男女の顔が文字にしか見えなくなった

@nluicdnt

男女の顔が文字にしか見えなくなってしまった




 それは唐突に起きた。


「え……」


 初めはまだ自分は夢を見ているのだと思った。こういう時に頬をつねったりする場面があるけど、今までの俺なら嘘だろそれ、なんて思っていた。

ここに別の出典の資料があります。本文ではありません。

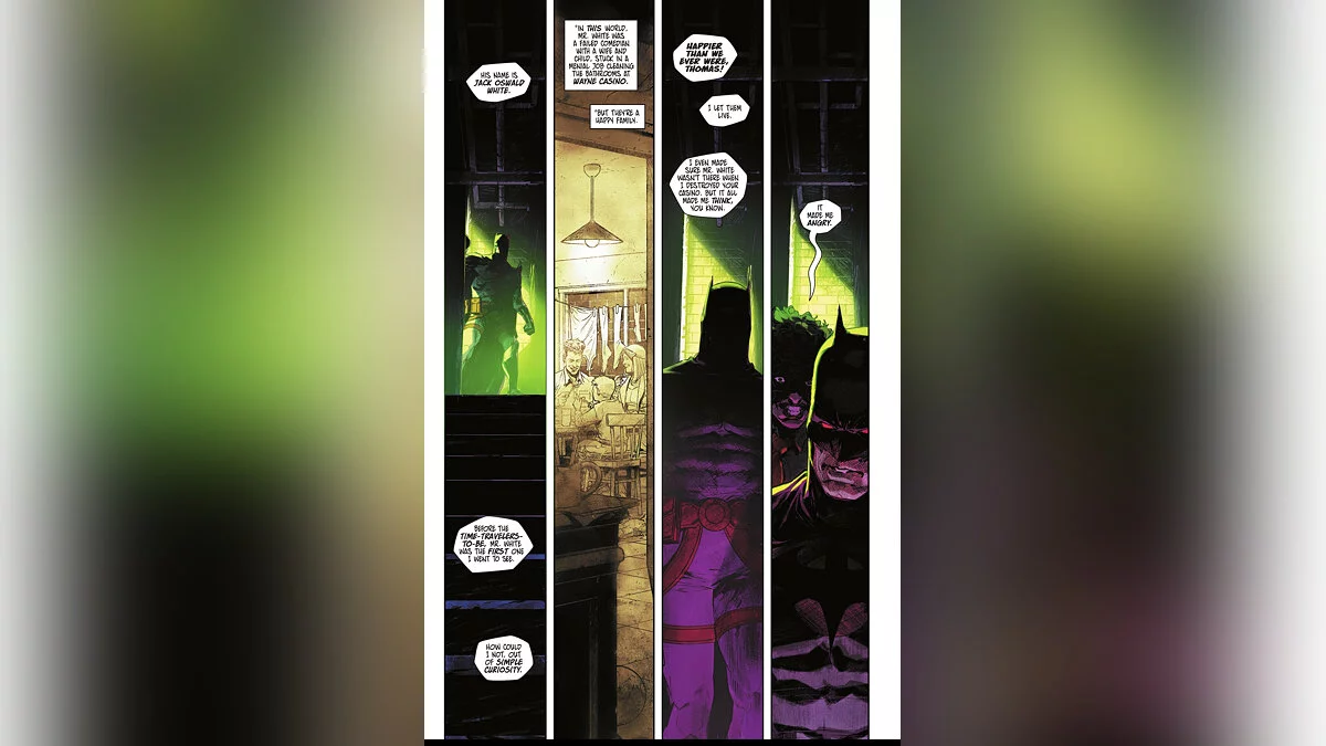 По словам Марты, в этой вселенной Джокер семьянин, работающий в казино Уэйнов и беспокоящийся о своих жене и ребенке. Несмотря на бедность, Джек Освальд Уайт чувствует себя счастливым и никогда не подвергался таким травмам, как, к примеру, в комиксе «Бэтмен. Убийственная шутка».

 だけどその時の俺は自然と自分の頬をつねっていた。 


「あ、本当だったんだ」


 誰かに言うでもない独り言が出る。





 晴れた空の下で、スーツやカーディガン、又は制服とか様々な服を着た、恐らく人々なのだろう生物が行き交う交差点の最中で僕は思いっきり自分の頬をつねった。


 恐らく人々なのだろう、と表現したのも無理はない。




 だって、目の前の人々は全員顔と髪型が見えなかった。




 辛うじて男か女かの性別は区別できる。


 顔に思いっきり、男、女と性別ごとに分かれて表示されているからだ。


 これは病気なのだろうか、だとしたら見たことも聞いたこともない病気だ。

 フィクションですら驚きだ。


 人々の全員の顔が文字にしか見えなくなるなんて






「えぇ……マジかよ」


 他の人だけでなく僕自身の顔も文字にしか見えなくなっている。自分の顔がどんな風なのかまるで分からなくなった。

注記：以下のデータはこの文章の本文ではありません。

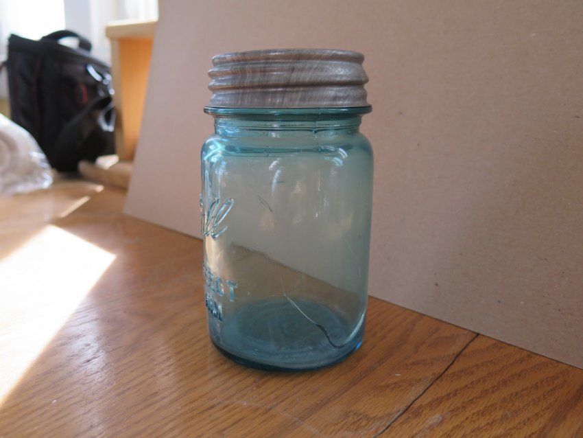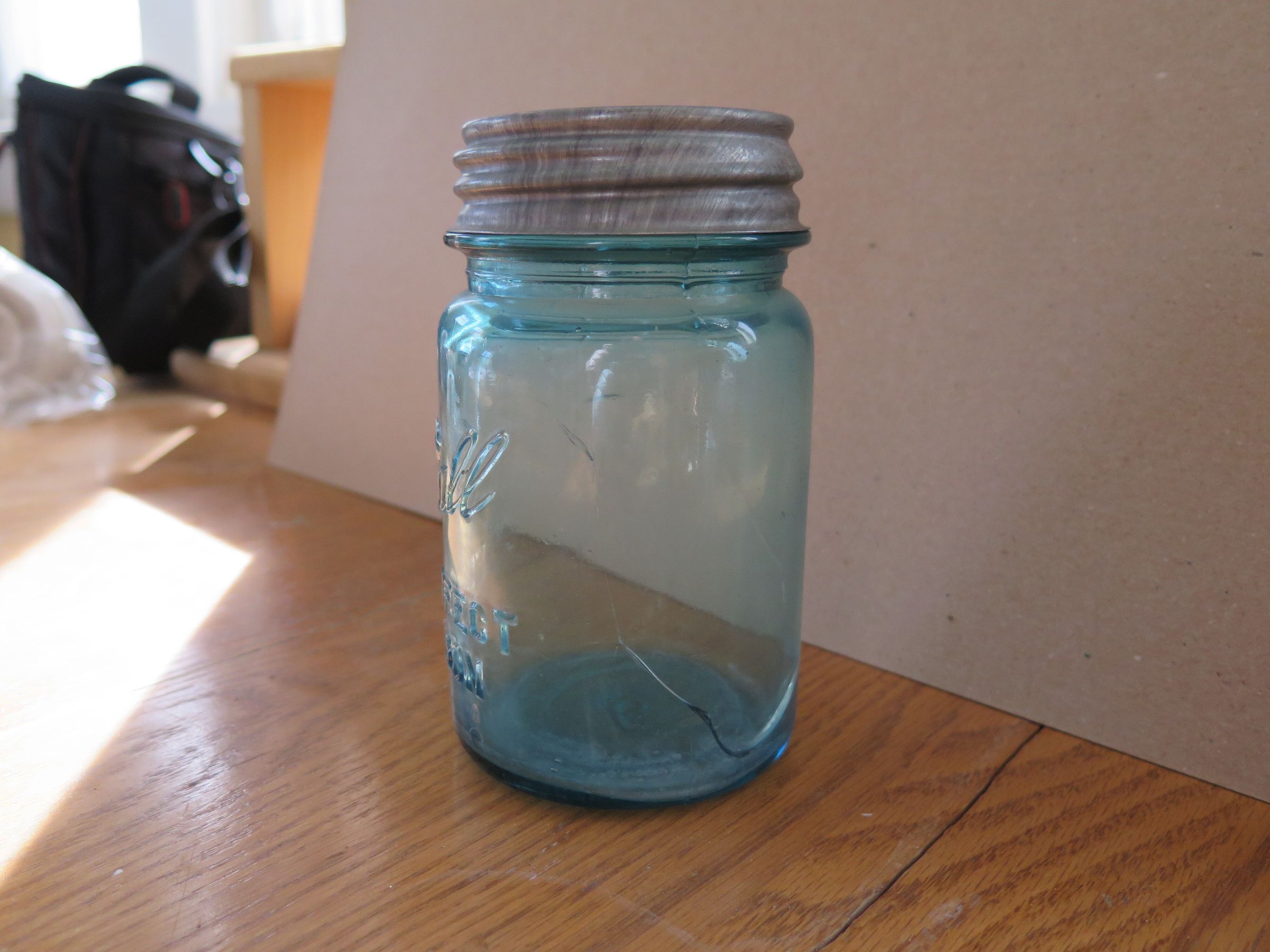 Blue glass canning jar with text that reads "Ball Perfect Mason" with glass lined metal lid. The glass jar body is cracked. The lid reads "Ball." The jar measures 5.25"(h) x 3" (diam).

 これじゃあ髭剃りとかに不便だ。いや、そんなことはどうでもいい。これは明らかに今後の人生に負荷がかかる。

 

 これから出会う取引先の人とか、あと会社の人間とかの顔を覚えるのにも苦労がかかる。


 でも会社に相談なんて出来ない。

 下手すればその病気のせいで解雇される危険だってあるのだ。だから知られることさえ許されない。


 まあ、幸いと言うべきは今が休日だということである。


 精神科、あるいは心療内科なら探せば見つかるであろう。急いでスマホで検索するとあった。休日でも診療している所は意外と多い。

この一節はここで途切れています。